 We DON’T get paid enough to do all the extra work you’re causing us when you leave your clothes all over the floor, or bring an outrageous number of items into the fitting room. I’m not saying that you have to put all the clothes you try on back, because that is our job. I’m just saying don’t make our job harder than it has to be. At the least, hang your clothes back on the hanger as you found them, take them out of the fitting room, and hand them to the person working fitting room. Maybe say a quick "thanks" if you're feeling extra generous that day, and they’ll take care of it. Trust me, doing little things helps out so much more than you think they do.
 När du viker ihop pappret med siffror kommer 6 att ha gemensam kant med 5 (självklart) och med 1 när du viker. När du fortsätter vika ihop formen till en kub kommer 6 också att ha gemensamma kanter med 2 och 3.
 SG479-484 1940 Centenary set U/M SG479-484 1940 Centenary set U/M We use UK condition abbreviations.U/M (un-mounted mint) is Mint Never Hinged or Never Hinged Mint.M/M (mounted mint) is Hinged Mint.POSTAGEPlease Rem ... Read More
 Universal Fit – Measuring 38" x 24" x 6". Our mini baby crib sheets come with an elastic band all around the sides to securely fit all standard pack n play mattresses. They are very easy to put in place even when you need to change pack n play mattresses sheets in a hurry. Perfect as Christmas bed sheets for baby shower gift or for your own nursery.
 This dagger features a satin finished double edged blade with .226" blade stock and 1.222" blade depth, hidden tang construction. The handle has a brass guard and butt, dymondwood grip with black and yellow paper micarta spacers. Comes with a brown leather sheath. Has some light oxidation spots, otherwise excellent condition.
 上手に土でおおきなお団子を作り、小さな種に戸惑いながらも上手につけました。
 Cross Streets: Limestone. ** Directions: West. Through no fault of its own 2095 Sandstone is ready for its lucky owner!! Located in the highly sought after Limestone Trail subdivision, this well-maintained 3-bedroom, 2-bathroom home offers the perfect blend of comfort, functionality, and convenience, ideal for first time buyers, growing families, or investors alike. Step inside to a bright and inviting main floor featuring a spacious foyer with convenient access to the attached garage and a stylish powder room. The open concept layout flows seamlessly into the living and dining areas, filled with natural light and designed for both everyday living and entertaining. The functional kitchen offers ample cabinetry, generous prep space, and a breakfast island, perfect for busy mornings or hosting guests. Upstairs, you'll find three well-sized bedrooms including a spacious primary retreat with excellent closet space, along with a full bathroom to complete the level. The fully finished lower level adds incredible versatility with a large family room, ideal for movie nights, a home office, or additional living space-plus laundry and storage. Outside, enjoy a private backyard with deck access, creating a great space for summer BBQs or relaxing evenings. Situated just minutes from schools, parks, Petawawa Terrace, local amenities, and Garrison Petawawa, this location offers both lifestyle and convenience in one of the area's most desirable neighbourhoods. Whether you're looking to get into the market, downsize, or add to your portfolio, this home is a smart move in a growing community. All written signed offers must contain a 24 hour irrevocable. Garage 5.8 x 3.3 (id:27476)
* * *
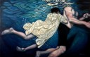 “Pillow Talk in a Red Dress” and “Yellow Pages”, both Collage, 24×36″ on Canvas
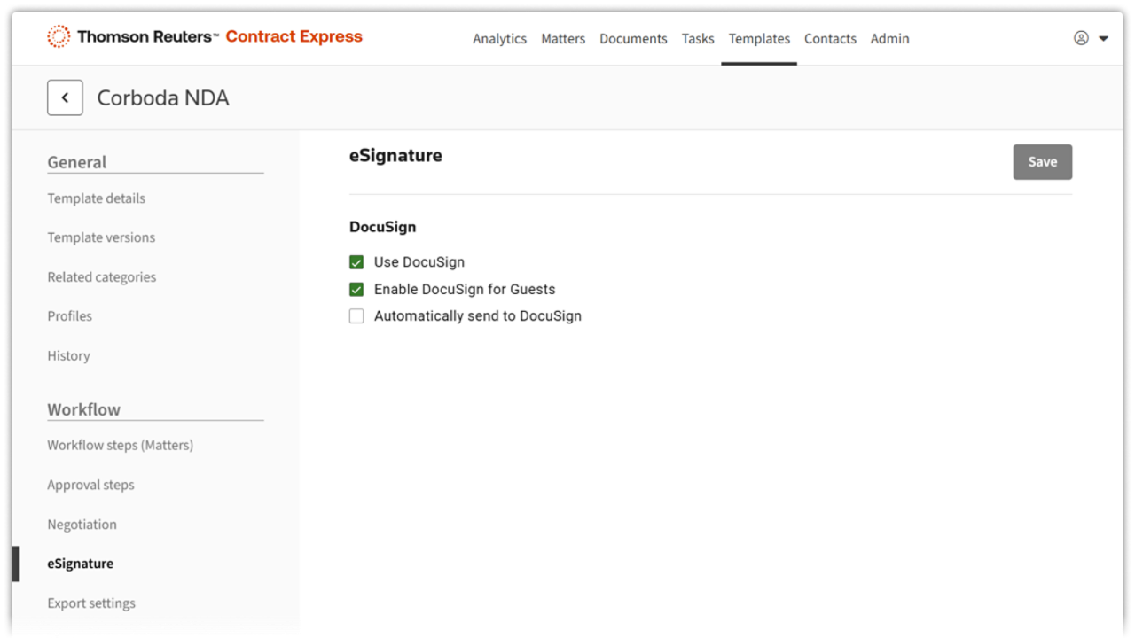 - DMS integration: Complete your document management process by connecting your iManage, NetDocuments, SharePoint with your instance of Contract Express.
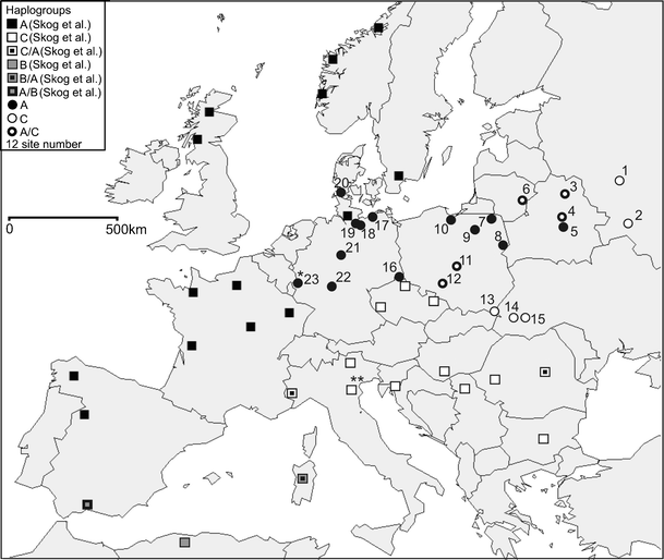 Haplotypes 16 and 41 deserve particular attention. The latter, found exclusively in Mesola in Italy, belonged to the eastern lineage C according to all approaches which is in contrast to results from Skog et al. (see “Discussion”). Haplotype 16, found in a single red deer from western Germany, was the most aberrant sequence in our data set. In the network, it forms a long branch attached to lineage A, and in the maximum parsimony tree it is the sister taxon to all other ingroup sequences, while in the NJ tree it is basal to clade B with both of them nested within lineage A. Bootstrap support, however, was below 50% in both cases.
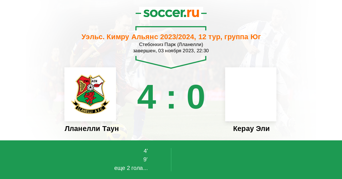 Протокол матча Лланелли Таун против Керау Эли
---
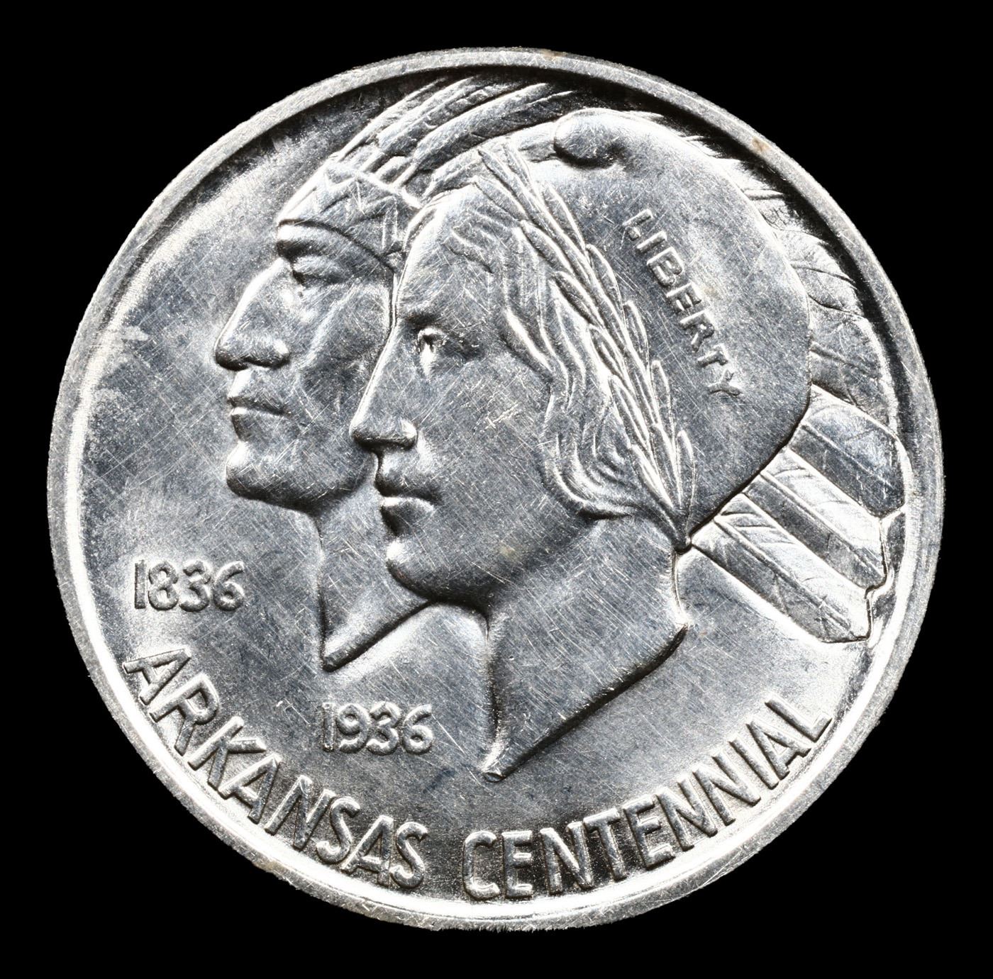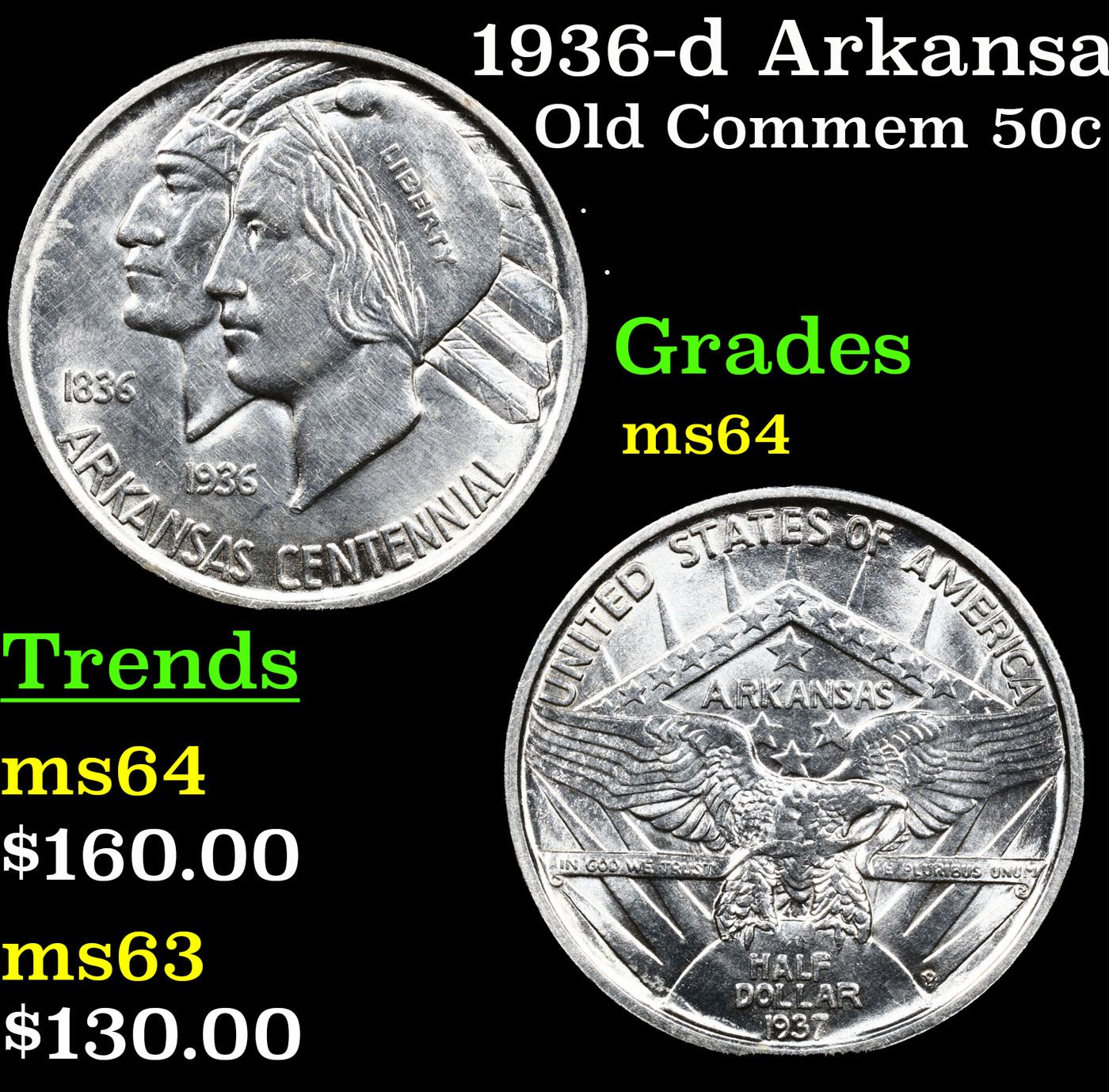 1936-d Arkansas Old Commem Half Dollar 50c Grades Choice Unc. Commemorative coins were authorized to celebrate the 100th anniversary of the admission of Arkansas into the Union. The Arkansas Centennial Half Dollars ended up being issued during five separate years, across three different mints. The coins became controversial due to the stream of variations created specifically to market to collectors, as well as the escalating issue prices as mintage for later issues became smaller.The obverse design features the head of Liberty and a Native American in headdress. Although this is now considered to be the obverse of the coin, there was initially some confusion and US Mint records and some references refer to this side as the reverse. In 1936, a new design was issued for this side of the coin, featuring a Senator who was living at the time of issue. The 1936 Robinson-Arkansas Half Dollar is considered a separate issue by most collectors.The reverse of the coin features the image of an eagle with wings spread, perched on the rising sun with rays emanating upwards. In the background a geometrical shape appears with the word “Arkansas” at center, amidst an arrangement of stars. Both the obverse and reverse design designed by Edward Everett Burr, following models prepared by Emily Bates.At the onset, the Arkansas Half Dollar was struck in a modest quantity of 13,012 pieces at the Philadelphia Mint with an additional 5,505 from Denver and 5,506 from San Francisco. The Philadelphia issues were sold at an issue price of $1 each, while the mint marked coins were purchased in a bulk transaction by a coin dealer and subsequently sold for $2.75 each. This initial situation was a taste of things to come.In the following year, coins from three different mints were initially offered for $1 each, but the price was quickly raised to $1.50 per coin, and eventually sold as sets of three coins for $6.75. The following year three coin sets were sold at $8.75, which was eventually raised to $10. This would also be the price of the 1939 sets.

| TASK DIRECTIONS |
Within the listing above, extract exactly the lines that run from the one containing "24×36″ on Canvas" through the one containing "- DMS integration: Complete", excluding any pictures.

| RESULT OF THIS TASK |
 “Pillow Talk in a Red Dress” and “Yellow Pages”, both Collage, 24×36″ on Canvas
 - DMS integration: Complete your document management process by connecting your iManage, NetDocuments, SharePoint with your instance of Contract Express.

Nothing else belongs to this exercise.